During one of her visits I coaxed her and asked her to tell me about her boyfriend who had abandoned her. To my surprise Geeta was not 16 but all of 21, exactly my daughters age but nevertheless looked much younger. I decided I wasn’t going to give up on her. She looked frail, and nobody could imagine that she had carried a child through a full-term pregnancy.

I probed her again and again on her life and after repeated questioning she revealed that she did not have any relationship by was raped! It shook me as I had already rehearsed the advice and chiding that I would give her for her reckless behaviour and relationship while she was still so young. Rape happened in stories and media and not so close to us? Or am I living in a dream world? And to think that her mother, me and several others thought she had consciously gone in for a relationship.

The interrogation continued just as I would have done for my daughter. Maybe I had not right but it did not occur to me at that time. She looked so helpless and vulnerable that I was determined to get to the bottom of the episode.

I asked her why she did not disclose to her parents that she was raped. Her response showed the fortitude that she was endowed with. Geeta had been raped by her cousin sisters’ husband. She felt that if she revealed this her sister would suffer and there would have been a big fight in her village.

She had borne all her father’s thrashing and mothers abuse quietly. It perplexed me as to where she got the courage to contain and take on everything on herself? She once lifted the sleeve of her dress and trousers to reveal the suicidal attempts she had made when she got to know of her conception. She had also taken some medicine off the counter to abort the child. But nothing worked. The child was destined to come.

Geeta till today insists that she will not give me the right to tell her parents that she was raped and not indulged in casual sex or had a relationship. No wonder there was no name to give the hospital authorities. She was honest and it did not even occur to her that she could have given any name and got away with it. She remained silent whenever she was asked about the child’s father. I slowly gained her confidence and she started hugging me so warmly every time we met, that unknowingly she became the child I had not given birth to.

I decided to make her talk and tell me about the trauma so that we get over it and that she can put it away as a bad experience. It was not going to be so easy as I started understanding the extent of damage that rape does? You are scarred for life. Geeta was drugged and raped by her own brother in law whom she respectfully called ‘Bhaiya’ (meaning brother in Hindi).

A 6 feet tall hefty man all of 42, Aravind, first lusts at his wife’s sister a 21-year-old girl who is struggling to make a living in Delhi, to help her father to run the family and educate her siblings. One day Aravind shocks Geeta by entering forcibly into her room in the girl’s hostel where she is staying in Delhi, far away from her village. Geeta in a state of shock does not know how to react to this intrusion, whether to greet and entertain the Bhaiya she knows or look into his lustful eyes and resist it. She realizes what is happening to her only when this big man uses all his force to physically overpower her, vent his momentary passion accompanied by brutality and violence. He then asks her to keep mum, wears his clothes and makes a quick exit. He never returns or picks up her calls, even when she frantically calls him up to tell him about her pregnancy.

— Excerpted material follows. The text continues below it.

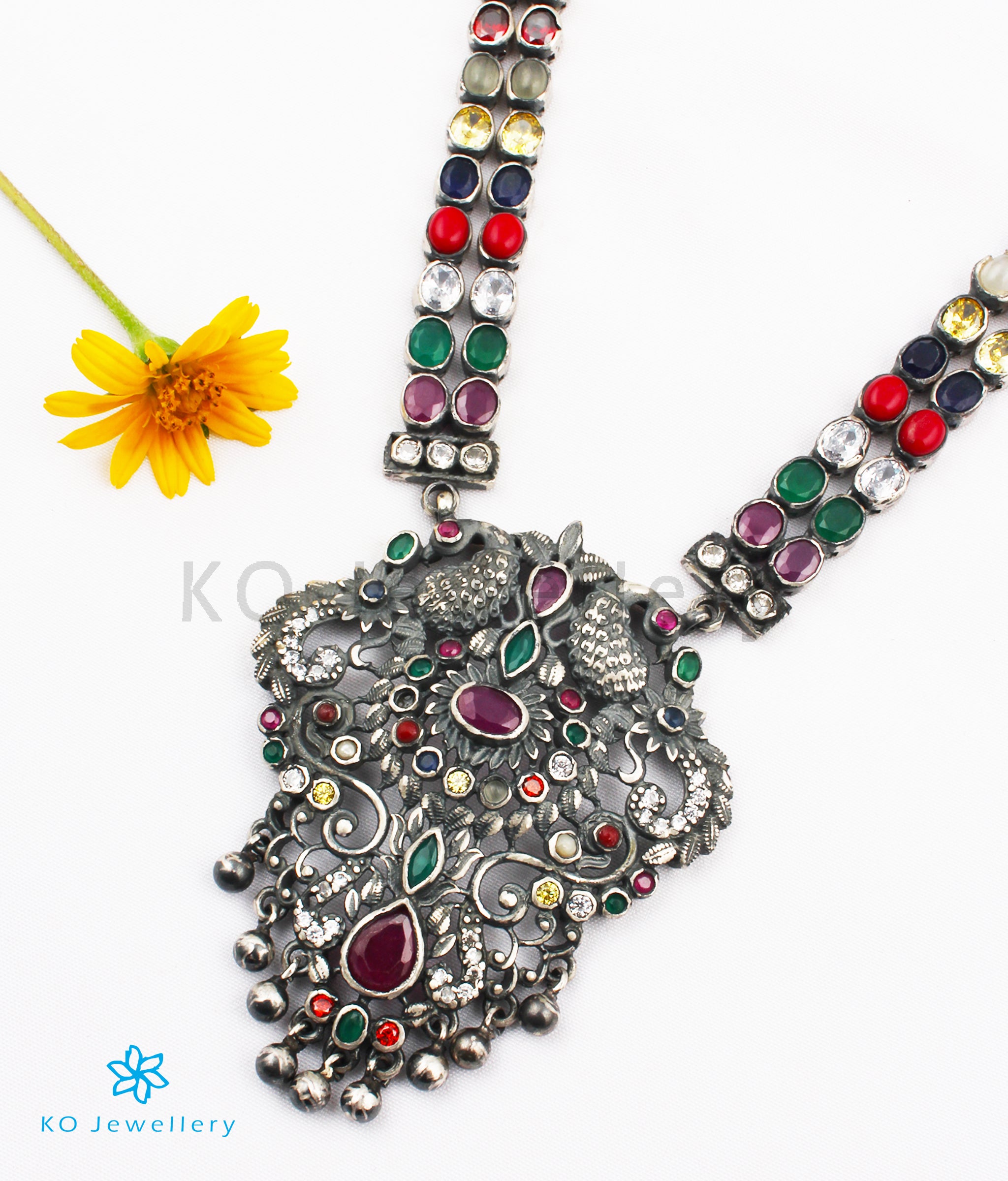 The Madhurya Silver Navaratna Peacock Necklace (Oxidised)

Filled with shame, guilt, helplessness and hopelessness Geeta tries to end her life but the vibrant energy giving her life, overpowers each time. She then faces the world with a silence greater than death. Nine months of torment, pain, helplessness and being ostracized? While some of us privileged women when pregnant wake up each day filled with warmth, hope and tender love, Geeta woke up to her burden each day for 9 months. We have people, who indulge us, feed us but Geeta had no one in her tiny room. How many more men would have lusted at her vulnerability in such a situation?

Why and when does passion become unbridled lust?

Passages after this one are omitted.